--- Data section Enclosed Below ---
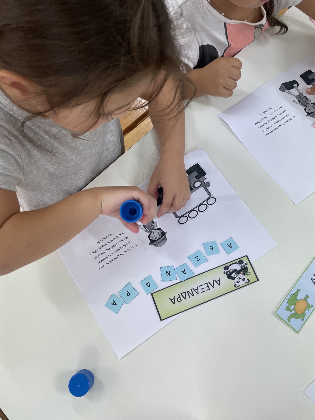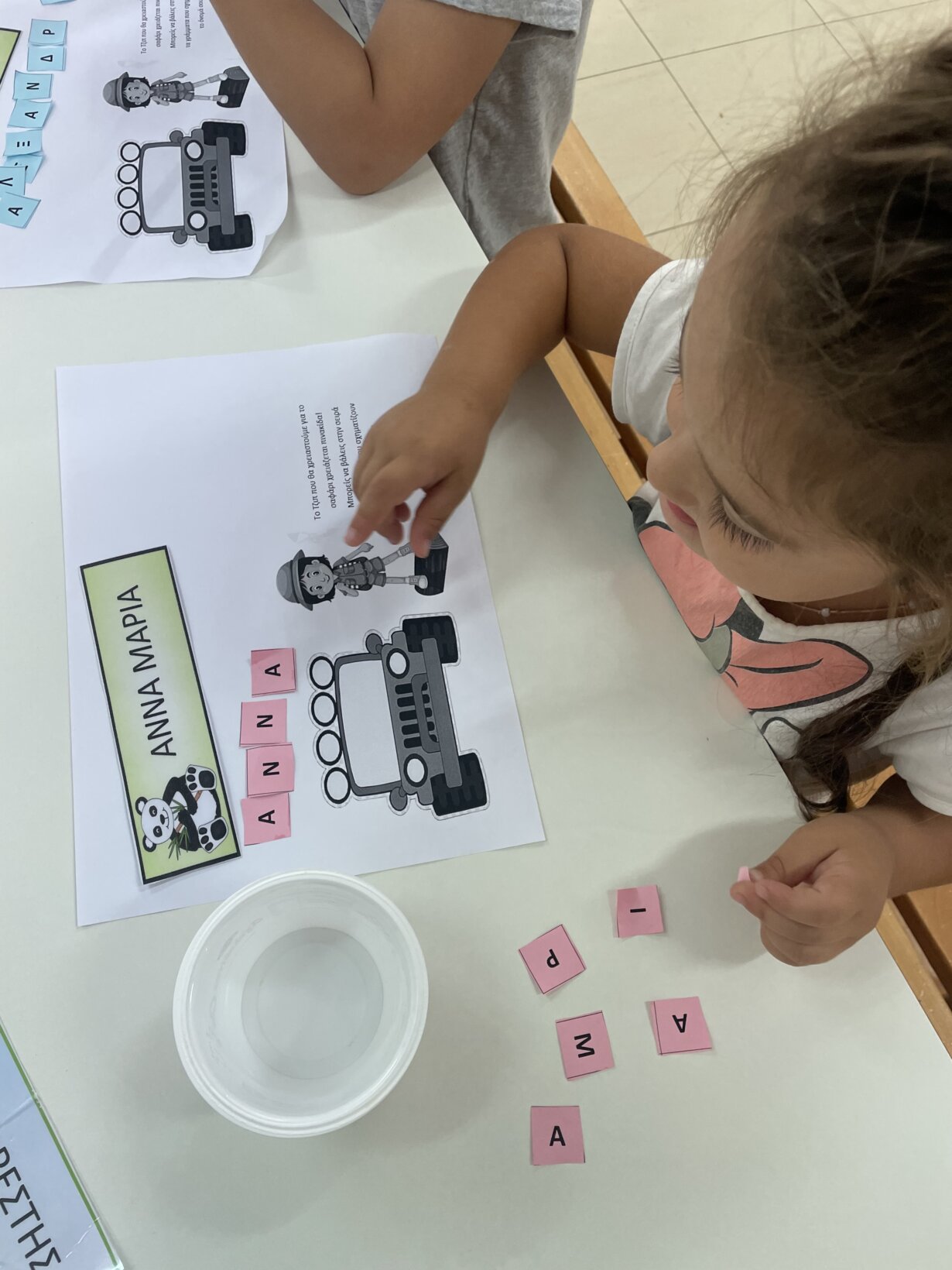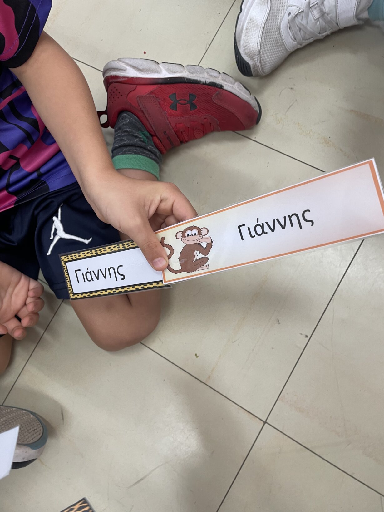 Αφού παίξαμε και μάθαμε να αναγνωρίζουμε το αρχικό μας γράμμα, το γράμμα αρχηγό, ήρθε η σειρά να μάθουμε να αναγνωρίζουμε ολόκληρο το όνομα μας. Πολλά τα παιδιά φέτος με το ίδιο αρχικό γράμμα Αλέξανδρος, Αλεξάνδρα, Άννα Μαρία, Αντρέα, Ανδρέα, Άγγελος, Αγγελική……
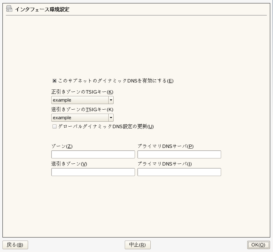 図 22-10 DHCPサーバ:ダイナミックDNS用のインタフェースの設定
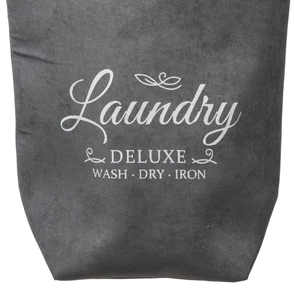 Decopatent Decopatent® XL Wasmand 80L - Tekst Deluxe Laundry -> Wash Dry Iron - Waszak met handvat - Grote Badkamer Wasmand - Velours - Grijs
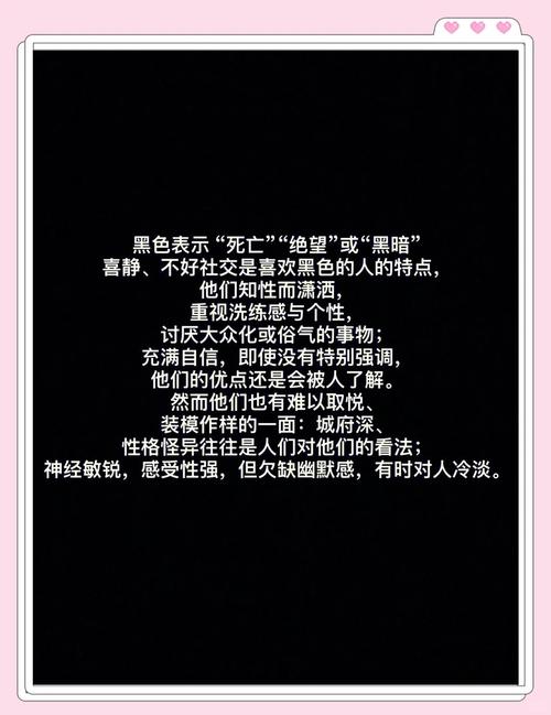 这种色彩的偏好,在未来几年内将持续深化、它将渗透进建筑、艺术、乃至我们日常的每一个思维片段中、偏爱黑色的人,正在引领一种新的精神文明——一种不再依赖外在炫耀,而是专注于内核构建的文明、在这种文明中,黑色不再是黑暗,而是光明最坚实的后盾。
--- End of Enclosed Data section ---
■ What is needed: Could you transcribe all of the data exactly and omit the pictures?

■ Response to this exercise:
 Αφού παίξαμε και μάθαμε να αναγνωρίζουμε το αρχικό μας γράμμα, το γράμμα αρχηγό, ήρθε η σειρά να μάθουμε να αναγνωρίζουμε ολόκληρο το όνομα μας. Πολλά τα παιδιά φέτος με το ίδιο αρχικό γράμμα Αλέξανδρος, Αλεξάνδρα, Άννα Μαρία, Αντρέα, Ανδρέα, Άγγελος, Αγγελική……
 図 22-10 DHCPサーバ:ダイナミックDNS用のインタフェースの設定
 Decopatent Decopatent® XL Wasmand 80L - Tekst Deluxe Laundry -> Wash Dry Iron - Waszak met handvat - Grote Badkamer Wasmand - Velours - Grijs
 这种色彩的偏好,在未来几年内将持续深化、它将渗透进建筑、艺术、乃至我们日常的每一个思维片段中、偏爱黑色的人,正在引领一种新的精神文明——一种不再依赖外在炫耀,而是专注于内核构建的文明、在这种文明中,黑色不再是黑暗,而是光明最坚实的后盾。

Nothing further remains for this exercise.